Owner Financing Primer
Buyers of owner financed property are exposed to risks which are normally filtered out by the closing requirements of conventional financing.
1. Many owner financed deals are closed without title insurance. There may be problems with the sellers title that will cause problems in the future. For example, I know a guy who lease/options homes and then sells them on contract. If there are problems with his leases he will find it difficult to actually transfer title when the time comes.
2. In their eagerness to get a home of their own buyers may agree to larger payments, higher interest rates, or short balloons. If times get tough, someone looses their job for a few months, or an unexpected baby arrives, they may not be able to continue buying their house. Some sellers actually count on getting the house back this way, keeping any downpayments, and selling it again.
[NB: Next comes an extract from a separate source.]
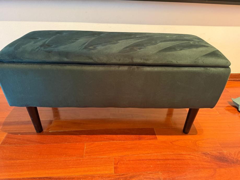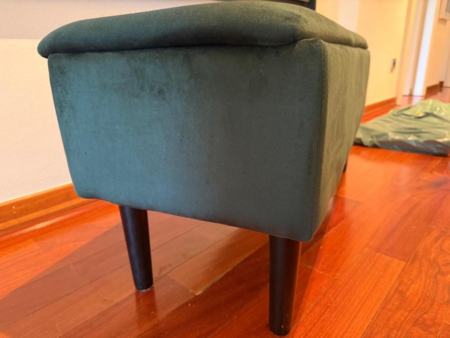 Zeleni tabure, velike nosivosti. Idealno za predsoblje, s prostorom za pohranu. JYSK, plaćen 110 eura, dajemo za 60 eura.

3. The buyer must be sure to get copies of and read carefully all the sellers mortage paperwork. For example, the seller expects to use the buyers payment to pay the existing mortage. That is fine, but what if the sellers mortage is an adjustable rate loan and the payment increases a lot? If the seller financing did not make provision for this situation the seller may find himself making a payment which is larger than the buyers. If the seller can't or won't do that, the buyer has a problem.
4. Since the seller is frequently still responsible for payments on underlying loans, it is possible for seller problems to spill onto the buyer. A messy divorce, tax problems etc. can all do this.